My first memories of the magnifying glass was watching my wrinkled grandfather attempt to read a newspaper with something that looked as old as he was. Since he passed away, the magnifying glass he often used is left hidden away in one of the drawers at home. I never thought much about it…or him until I got this assignment.

Magnifying glasses have come a long way since my grandfather’s death. They have them on watches and in all sorts of sizes and shapes. If he was alive, my grandfather would have been the most stylish old gent around…at least in my eyes.

Truth be told, I don’t really know him that well. He passed away when I was around ten and before then, I didn’t speak much Hokkien (a Chinese dialect) so we weren’t exactly conversation buddies. I did remember my dad talking of his carefree personality and how he loved all his grandchildren, especially my brother and myself. We were the only ones in the family that carried names he personally gave…my other cousin’s names were bestowed by my grandmother.

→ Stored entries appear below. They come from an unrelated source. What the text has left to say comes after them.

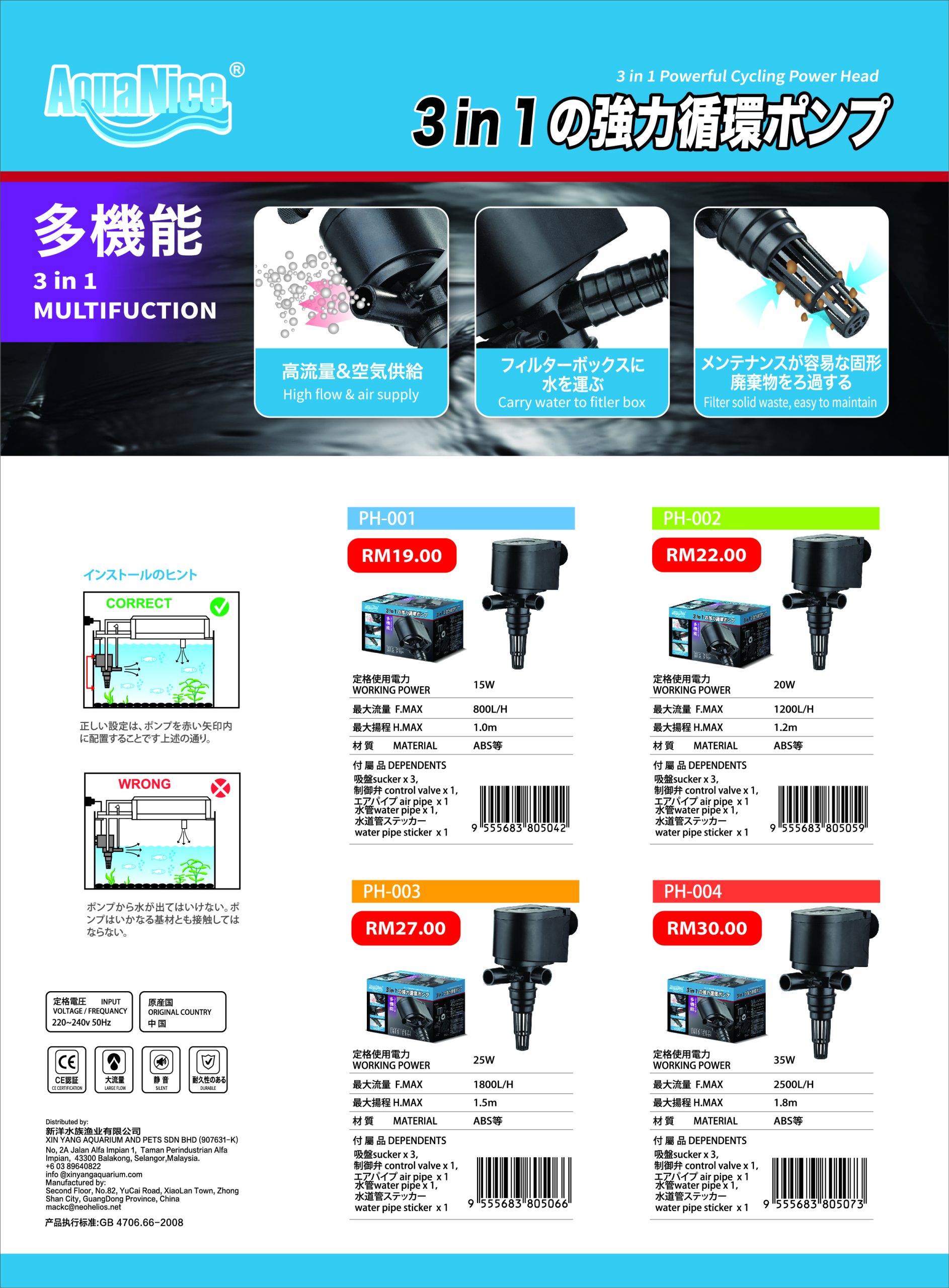 - PH-004 Aquanice 3 in 1 Powerful Cycling Power Head (35W)(2500L/H)
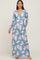 A floral print maternity maxi dress featuring a button front decor, cinched elastic waistline, and v-neckline. Also features side pockets and long sleeves.
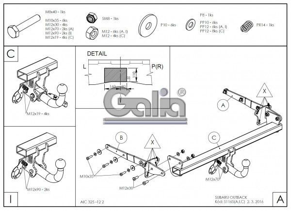 Κοτσαδόρος για SUBARU Outback, Crossover, 2015- (με βίδες)
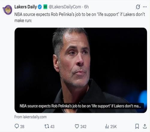 北京時間2月10日,根據湖人媒體Laker Daily的報道,湖人GM佩林卡已經進入下課倒計時。除非湖人在下半個賽季有所突破,或者在季后賽中有所作為,如果球隊還是勉強維持現狀,那么佩林卡很難跨過這一關了。
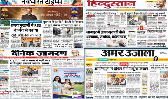 नई दिल्ली: देश की राजधानी दिल्ली से प्रकाशित प्रमुख अखबारों के पहले पेज पर खबरों का चयन और प्रस्तुति पर एक दृष्टि… नवभारत टाइम्स के पहले पेज पर लीड खबर ‘ प्रणव मुखर्जी ने आरएसएस के मंच से पढ़ाया सहनशीलता का पाठ’ है. अन्य खबरों में ‘ गुड़गांव में कंपनी ने नौकरी से निकाला तो एचआर मैनेजर पर फायरिंग कर दी’, ‘दिल्ली एनसीआर में खतरनाक हुआ ओजोन पैल्यूशन’, ‘शिवसेना पर नहीं चला अमित शाह का जादू’ ‘पत्नी के एटीएम कार्ड ने पति नहीं निकाल सकता पैसे’, ‘अलगाववादियों से भी बातचीत’ आदि हैं.
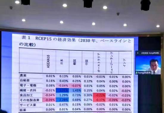 其中,南开大学经济学院院长盛斌教授指出,在RCEP框架下,中日韩经贸合作迎来了新的突破点。中日韩应纠正国家间贸易的不平衡、加强三国规制融合与监管一致化,强化区域价值链,持续推进中日韩区域经贸合作健康发展。辽宁大学研究生院院长崔日明教授立足于“双循环”的新发展格局,提出以促进区域政策协同和布局优化拉动东北地区“内循环”,深度参与中蒙俄经济走廊构建东北地区“外循环”等一系列切实可行的举措,为东北地区高质量发展和区域深化合作提供了新思路。吉林大学日本研究所所长庞德良教授指出,新冠疫情所带来的供给和需求双方面的冲击给世界经济造成了重大破坏,在后疫情时代,构筑新时代要求的中日经济关系是两国的重要问题,中日两国应该做出共同努力,实现共赢。日本阪南大学洪诗鸿教授以RCEP为切入点,深入分析了RCEP的签订对中日贸易的影响。他指出,RCEP对中日两国都有一定的贸易促进效果,东北地区应该继续发挥动植物物产、食品加工等优势,同时对接长三角制造业,加强基础设施建设,以促进东北地区和日本的友好合作。
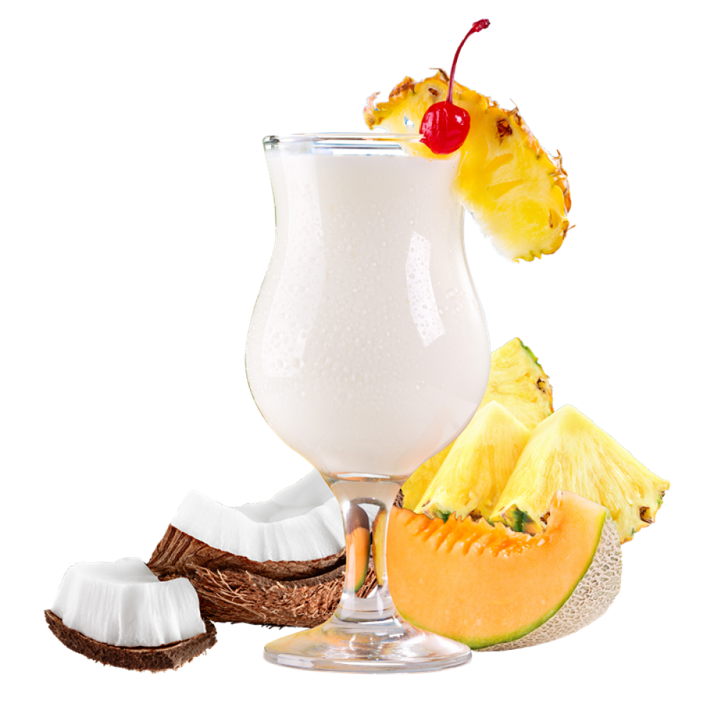 Das einzigartige Geschmackserlebnis von einem köstlichen Pina Colada, serviert unter Palmen. Der exotische Genuss einer Kokosnuss, gereift an einem Sandstrand auf einer tropischen Paradiesinsel, verfeinert mit frisch-saftiger Ananas.
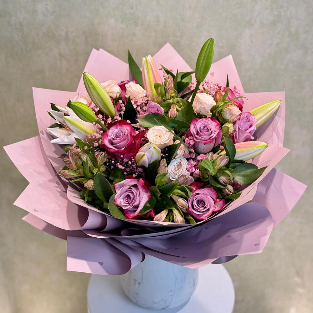 La cinta - 1 ud. Lily - 3 ud. Gypsophila - 5 ud. purple rose - 8 ud. rosa bebé melocotón - 4 ud. astroemeria - 5 ud. envoltorio morado - 5 ud.
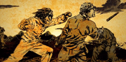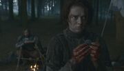 While riding, Sandor and Arya come across a group of Frey soldiers at a campfire. Arya dismounts from Sandor's horse, approaches them, and kills one of them. When the rest of the group are about to attack Arya, Sandor protects her and kills them. Sandor takes his knife back from Arya, then sits and eats what the deceased soldiers have left. He asks if this was Arya's first murder. She states it was her first "man."[22]
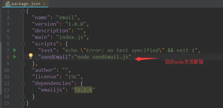 npm init(配置可全部选着默认,一直enter下去)新建sendEmail.js,内容如下
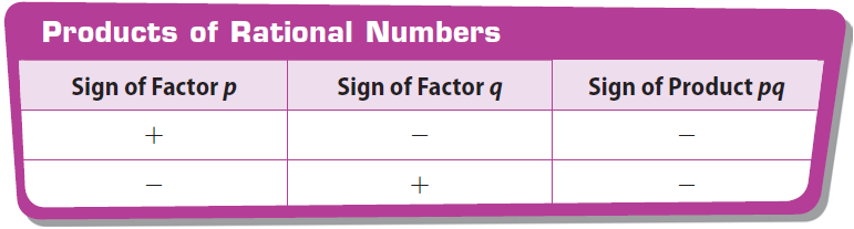 The rules for the signs of products of rational numbers with different signs are summarized below.
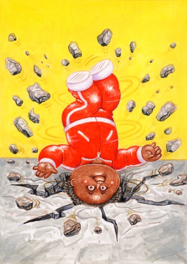 Highly detailed acrylic painting color rough of 2018 Topps GARBAGE PAIL KIDS: We Hate The ‘80s (80s Fashions & Fads Subset) #7 Break LANCE / Headspin FINN by award winning artist LAYRON DeJARNETTE (Official Garbage Pail Kids artist for Topps, Artist for Disney, Warner Bros., Marvel, DC Comics, Mattel, Monster High, Upper Deck & Cryptozoic Entertainment.)
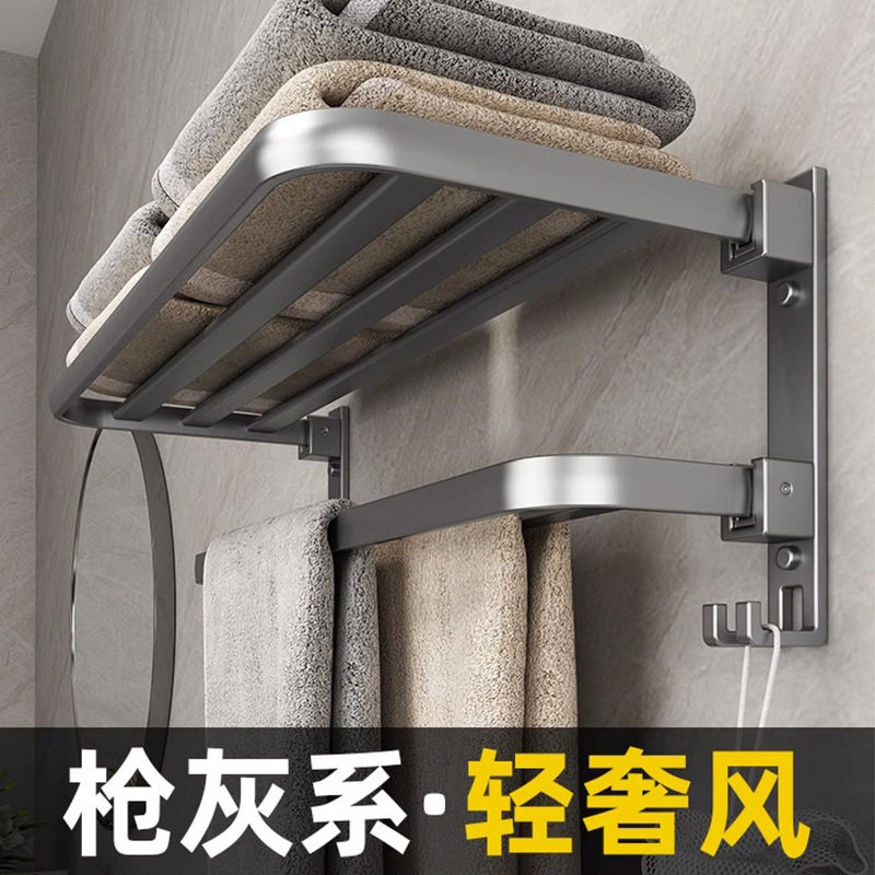 枪灰太空铝毛巾架免打孔壁挂式卫生间厕所浴巾架洗手间浴室置物架

I like to think that he was a gentle-hearted man who gave his children little material things but many important qualities like diligence, hard-work and appreciation for life itself. It was a pity that he died bedridden, after suffering from two strokes…but come to think of it, God must have loved him well enough.

Sometimes I think despite the fact that he used glasses to read, he could see clearer than any one of us. I wish I got to know him way better than I did.